Hyuu que também estava de férias seria o encarregado de acompanhar as garotas na viagem, já que o lugar era distante e esquisito para elas. E era dever do mais velho cuidar das mais novas quando a mãe não podia. Enfim, o rapaz ia aproveitar ao máximo para curtir as férias com suas pequenas irmãzinhas. Seriam 4 dias intensos só de lazer e divertimento, há tempos não iam os 3 juntos para um lugar tão distante assim.
As passagens foram compradas, a reserva de quarto no hotel feita e o cartão de débito descontado. Era esperar até amanhã para arrumar as malas e partir para a aventura. Na verdade uma mala só para colocar a bagagem das gêmeas e outra para o Hyuu, para não terem que arrastar muito peso por aí. A organização foi feita perfeitamente pelo rapaz, porque se Hana ou Hina fossem arrumar seria uma bagunça sem precendentes.
Na noite anterior à viagem Hana foi investigar e perguntar para Hina se ela estava bem, se estava com febre ou dor, pois se acontecesse qualquer coisa e ela não pudesse viajar por sua culpa ia a encher de cascudos. Hina a acalma e fala que está 100%, mandou ela ir dormir para não perder a hora e acordar disposta. Então no dia da viagem está tudo pronto para os irmãos tomarem o café da manhã e se arrumarem para estarem no aeroporto mais ou menos 10 horas da manhã.
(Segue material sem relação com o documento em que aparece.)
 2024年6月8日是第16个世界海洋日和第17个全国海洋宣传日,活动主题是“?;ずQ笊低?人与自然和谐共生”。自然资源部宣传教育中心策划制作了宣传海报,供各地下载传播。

Era a primeira vez que iam viajar de avião, das outras vezes tiveram que pegar o ônibus que demorava 3 dias para chegar no destino. Hina odiava porque não conseguia usar o banheiro do coletivo, que era perto do motor e esquentava, dava medo nela. Já na aeronave o tempo seria de apenas 4 horas, em poltronas mais confortáveis e ambiente climatizado. Mas será que as meninas não ficarão com medo da altura que voarão? Só saberão quando embarcarem.
Por chegarem ao aeroporto com horas de antecedência, Hyuu faz o check-in sem transtornos. Esperariam mais um pouco antes de pegarem seu voo, então foram esperar numa passarela de onde podia se ver os jatos partindo e pousando. Hana, de posse do celular da irmã, tirava um monte de foto dos aviões. Até chegar aquele que os levaria até o destino das férias. Antes de embarcarem Hana ainda apronta de subir na esteira de despache das bagagens, mas logo é repreendida pelo Hyuu.
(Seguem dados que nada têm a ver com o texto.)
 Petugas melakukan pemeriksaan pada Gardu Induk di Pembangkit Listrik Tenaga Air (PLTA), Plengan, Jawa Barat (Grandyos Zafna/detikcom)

O alto-falante avisava aos passageiros para embarcarem. Os três se dirigem ao local onde o avião estava pousado, ele era gigantesco, as gêmeas o fitavam com olhares mistos de surpresa e medo. E dentro era ainda mais interessante, cheio de luzes e assentos com telinhas portáteis e uma espécie de mesinha pendurável. Era como um ônibus, porém mais espaçoso e luxuoso. Outra diferença eram as janelas que não podiam se abrir.
Checando as passagens Hina descobre que sua poltrona está bem lá na frente do avião, e lá nas últimas Hana e Hyuu sentariam juntinhos! Que injustiça, mas não era como se eles fossem abandoná-la lá. O jeito é sentar, colocar o cinto e respirar fundo para espantar o nervosismo por imaginar o aeroplano no alto. Mas antes de relaxar na cadeira Hina teve que tomar das mãos da irmã seu celular e o desligar, não queria ser a responsável pela queda do airbus.
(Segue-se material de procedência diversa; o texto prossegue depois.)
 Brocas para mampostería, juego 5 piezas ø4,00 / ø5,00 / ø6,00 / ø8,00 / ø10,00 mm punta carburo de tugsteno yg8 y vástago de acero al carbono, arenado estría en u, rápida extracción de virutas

Um arrepio bate na pequena Hinatsuki quando o alto-falante começa a transmitir a voz da aeromoça explicando os procedimentos padrões de segurança para os passageiros. Enquanto que a outra gêmea fica com frio na barriga assim que o avião começa a pegar altura. Era incrível, rapidamente estavam tão distante do solo que estavam alcançando as nuvens. Queria Hina poder pegar uma, mas como foi dito parágrafos atrás as janelas não abriam seus vidros.
A vista do céu foi logo abandonada em prol dos luxuosos monitores em cada poltrona e do serviço de bordo. Hana espetou seu pendrive com clipes musicais para curtir nos fones oferecidos pela companhia aérea. Hina aproveitou os lanches gratuitos para matar a fome. Hyuu ligou seu computador para aproveitar a viagem fazendo as ilustrações que iam ser usadas pela sua editora nos próximos capítulos de um mangá famoso.
Tranquilamente o avião faz seu percurso. É hora de desembarcar, só voltariam a pegar outro em quatro dias. Agora começaria a verdadeira farra, bom, não antes da Hana outra vez querer andar na esteira onde rolavam as bagagens, e outra vez ela leva bronca e é ameaçada de ficar no quarto do hotel de castigo. Ela então fica quieta e espera junto dos irmãos a bagagem vir de encontro à eles, para então pegarem um ônibus até o hotel onde repousariam durante as férias.
Que prediozão! Não se comparava nem com as mansões luxuosas do bairro onde residiam! Tinha a frente toda de vidro, parecia uma caixa de cristal refletindo o sol todo em suas caras. Sua entrada tinha uma porta de girar que intrigava as garotas, aquilo era tecnológico demais para elas. Não mais que os elevadores com paredes de vidro que davam vista para a rua, enquanto subiam até o 23° andar! Muito mais interessante que as escadas rolante do shopping center que as gêmeas iam de vez em quanto.
Ainda mais avançado era o cartão que o Hyuu pegou na recepção, que servia para abrir a porta do quarto que ficariam. Pensem em um cômodo chique: onde eles passavam as luzes se acendiam, a tv sintonizava canais estrangeiros, o ar condicionado funcionava batendo palmas, tinha uma cadeira de massagem grandona no canto e a banheira do banheiro cabiam umas cinco gêmeas de uma só vez de tão imensa que era. A turminha ia descansar essa tarde para aproveitar o parque à noite.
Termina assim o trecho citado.